The stated purpose of Declaration 29 is to set up an early warning system (EWS) to target pedophiles and sex offenders. The statement itself is somewhat vague about how this would be done, but claims that pedophiles currently enjoy "freedom of action, putting them on the same footing as honest citizens and making it difficult for the authorities to trace them."

As such, the EU is calling on members to implement Directive 2006/24/EC—also known as the Data Retention Directive—in order to "tackle online child pornography and sex offending rapidly and effectively." Once the declaration has 369 signatures, it will be adopted—as of this writing, it has 324.

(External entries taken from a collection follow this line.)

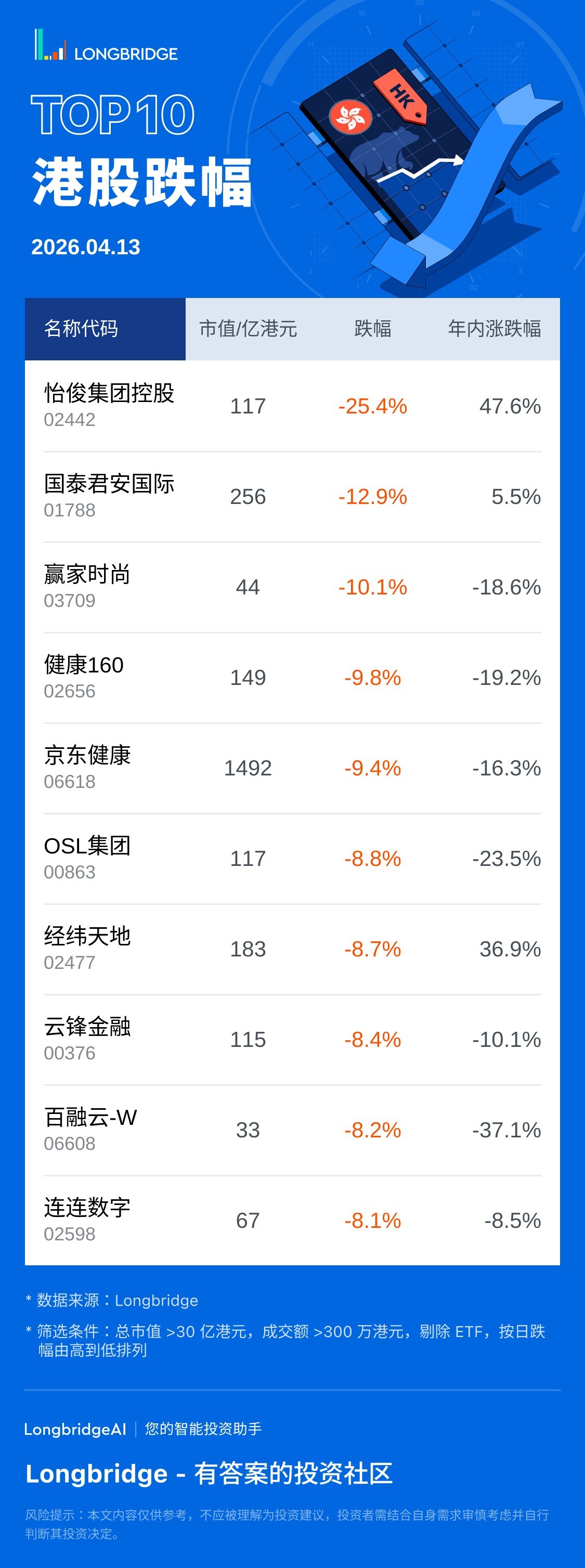 怡俊集团控股 (02442) 跌 25.36%,成交额 2278.1 万港元,年内累计涨 47.6%。
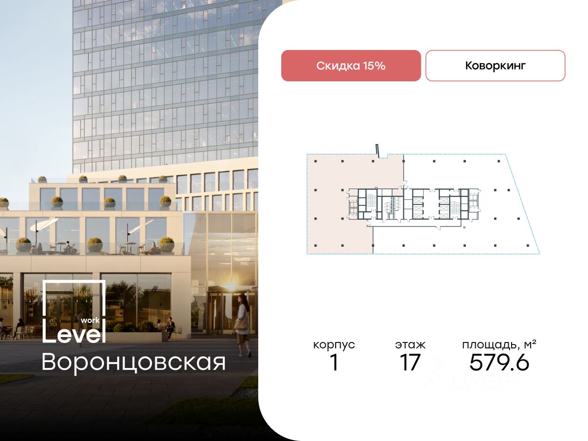Продаётся помещение площадью 579.60 кв. м в Level work Воронцовская (от компании Level Group), новом бизнес-центре класса A в престижном Обручевском районе Москвы (ЮЗАО).
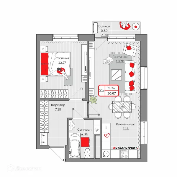 2 комн. квартира в Казане в ипотеку от 65 255 руб/месяц
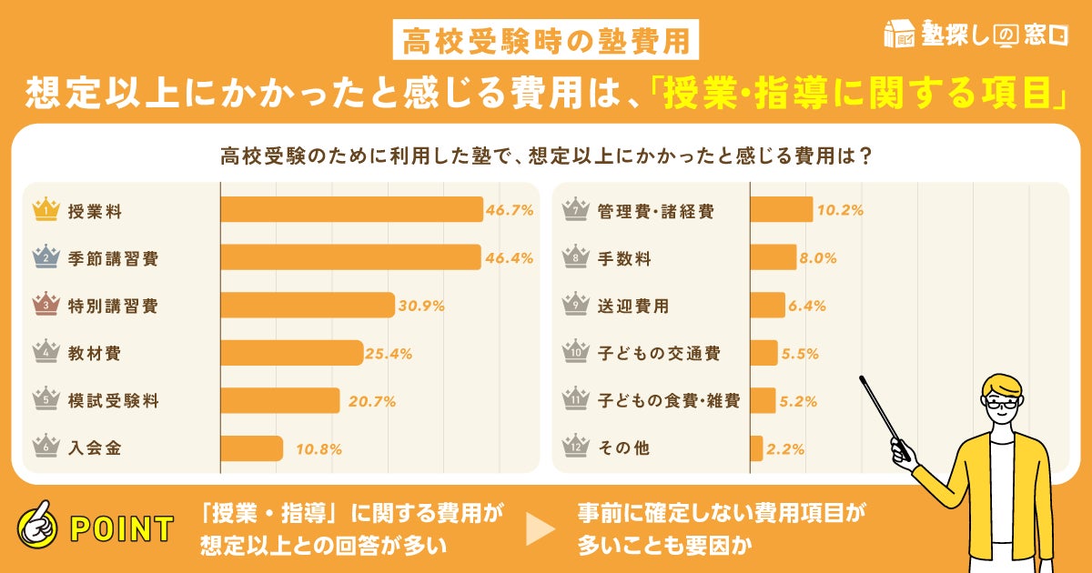 調査対象のうち、塾(集団指導塾:58.0%、個別指導塾:38.1%)を利用したと回答した保護者に、「塾でかかった費用のうち、想定以上に高かった費用項目」を尋ねました。結果は以下のとおりです。
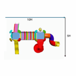 Colorful twin towers with leaf tops, connected by a bridge, featuring two spiral slides, a tube slide, a wavy slide, a U-bridge, a disk ladder, and a step ladder. Designed for climbing, sliding, and active outdoor fun, providing endless entertainment for children.
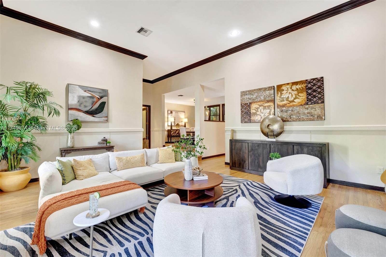 "Jewel of Riverland Woods" architectural masterpiece drew inspiration from Frank Lloyd Wright's 1929 Arizona Biltmore w/ textured art deco geometric patterns. Nestled among majestic live oaks & native palms, this home showcases form & function. Newly updated kitchen w/ quartz counter seating & commercial grade hood w/ direct access to tranquil & private walled exterior courtyard w/ luxurious concrete pool-style spa creating an outdoor sanctuary that mirrors the home's architectural grace. Soaring ceilings range from 9-13 ft, freshly painted interior, '21 refinished real wood floors in living area & PVC Pipes. Located in coveted Riverland Woods near downtown Fort Lauderdale, major highways & waterways, this masterpiece of design offers the perfect balance of artistic vision & modern living.
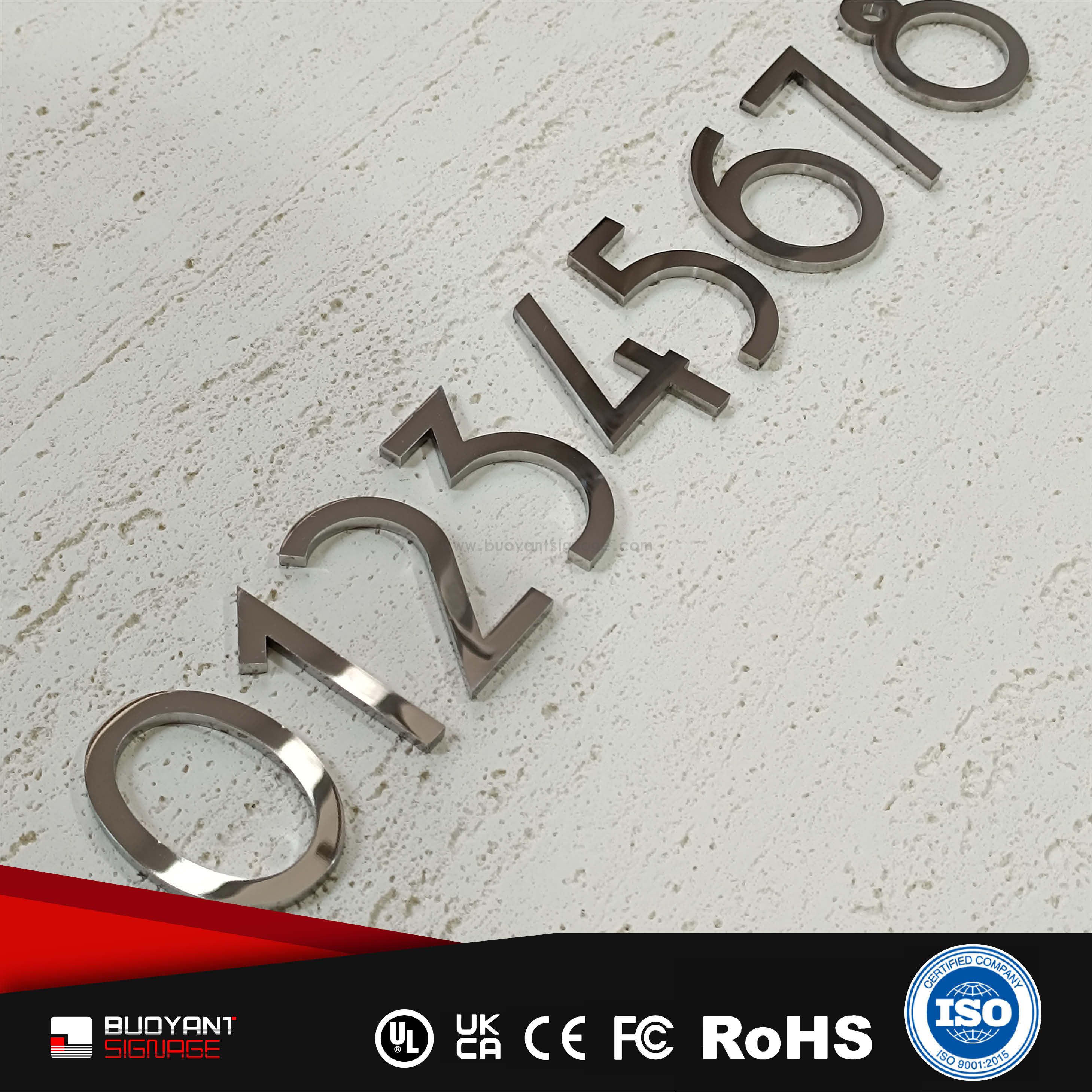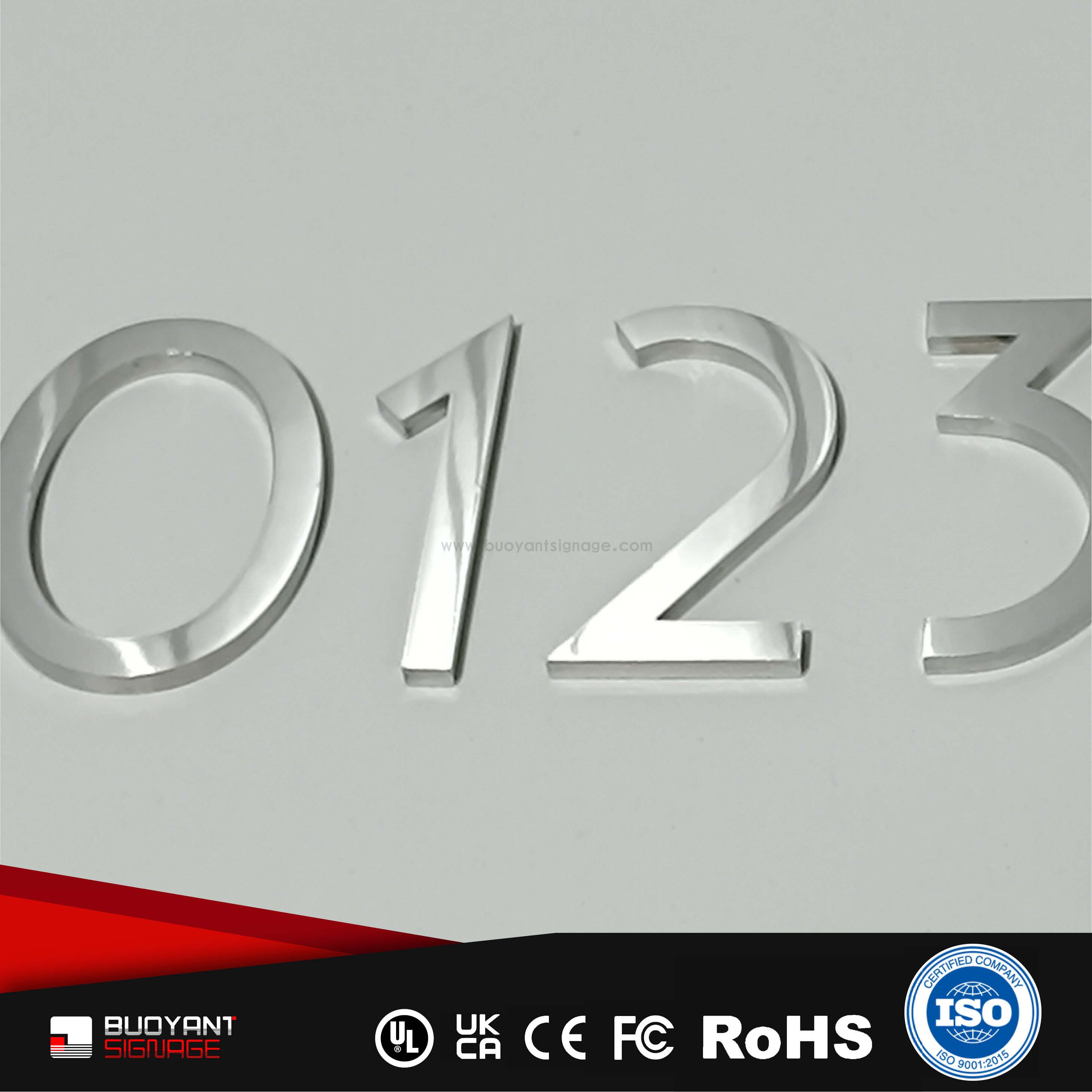 Room number signs are produced using aluminum, acrylic, or stainless steel, supporting bulk and project customization.
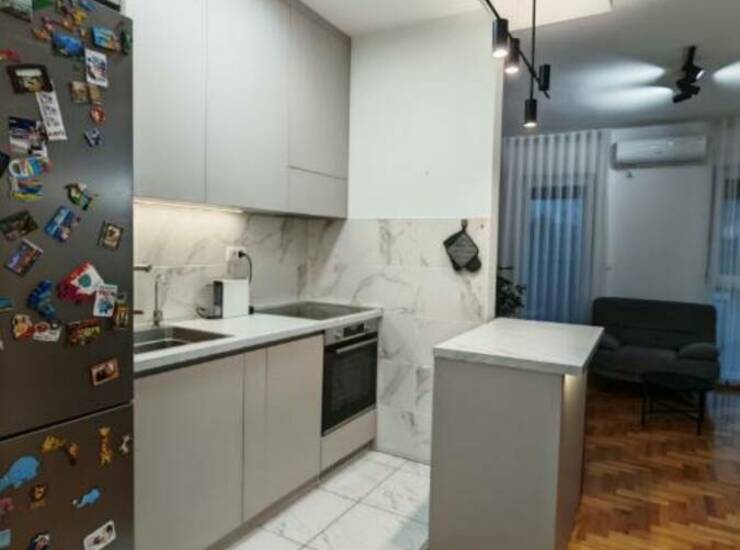 Stan ima površinu 42 m2 i nalazi se na prvom spratu. Uknjižen je 1/1 i prodaje se kompletno namešten kao na fotografijama, osim TV-a, dušeka i kreveca. Sav nameštaj i ugradni elementi kupljeni su novi pre 12–18 meseci i uključeni su u cenu.
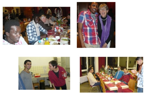 Silvesterabend am 31.Dezember 2014. Um 19:00 Uhr wurde der katholischen Gemeindesaal im Hangelstein Zell, Esslingen am Neckar langsam von den Gästen gefüllt. Die Tische waren hübsch, geschmückt von Silvesterdekora-tionen. Ein besonderer Tag für die Männer von der Gemeinschaftsunterkunft Esslingen-Zell. Das war ihre erste Erfahrung, den Jahreswechsel in Deutschland zu verbringen. Getrennt von der Familie, in einem fremden Land. Jedoch, waren sie heute Abend nicht alleine. Schon vor dem Eingangstür empfingen ein paar Helferinnen und Helfer die Männer mit warmen und herzlichen Grüßen. Strahlende und lächelnde Gesichter wärmen den Saal; ganz im Gegensatz zu der gefrorenen weißen Silvesternacht draußen.
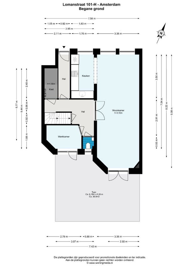 Entree, ruime hal en toegang tot de royale doorzonwoonkamer met veel daglicht. Aan de voorzijde bevindt zich de open keuken, voorzien van moderne inbouwapparatuur. Vanuit het woongedeelte aan de achterzijde zijn de openslaande deuren naar de zonnige tuin van circa 30 m², gelegen op het zuiden. Op deze verdieping bevindt zich tevens een aparte werkkamer. De kelder van circa 15 m² is toegankelijk vanuit de hal en biedt extra bergruimte.

The problem is that the Data Retention Directive makes it simple for EU states to monitor the Internet searches of citizens. This has led privacy advocates to urge parliament members to withdraw their signatures in support of Declaration 29. One member of the parliament, Christian Engström, indicated on his blog that he believes many of those who have signed the declaration were misled and don't realize the full implications of the Data Retention Directive. He notes that the marketing materials don't mention the directive by name (only by number).

Another parliament member, Cecilia Wikström, wrote an open letter to her fellow parliament members saying that she made a mistake in signing the declaration. "The Written Declaration is supposed to be about an early-warning system for the protection of children. Long-term storage of citizens’ data has clearly nothing to do with 'early warning' for any purpose," Wikström wrote. "[I]t seems very likely that MEPs signed the Written Declaration unaware of this aspect of the text, just like I did... The declaration is likely to get all the signature[s] it needs and therefore I urge those of you who may have signed it by mistake to withdraw your signature."

Given the EU's pressure on companies like Google to keep cutting their data retention periods, the attempt to slide this one under the radar seems suspicious. As Engström points out, concerned citizens should contact their parliament members about the issue soon, before the signature requirement is met.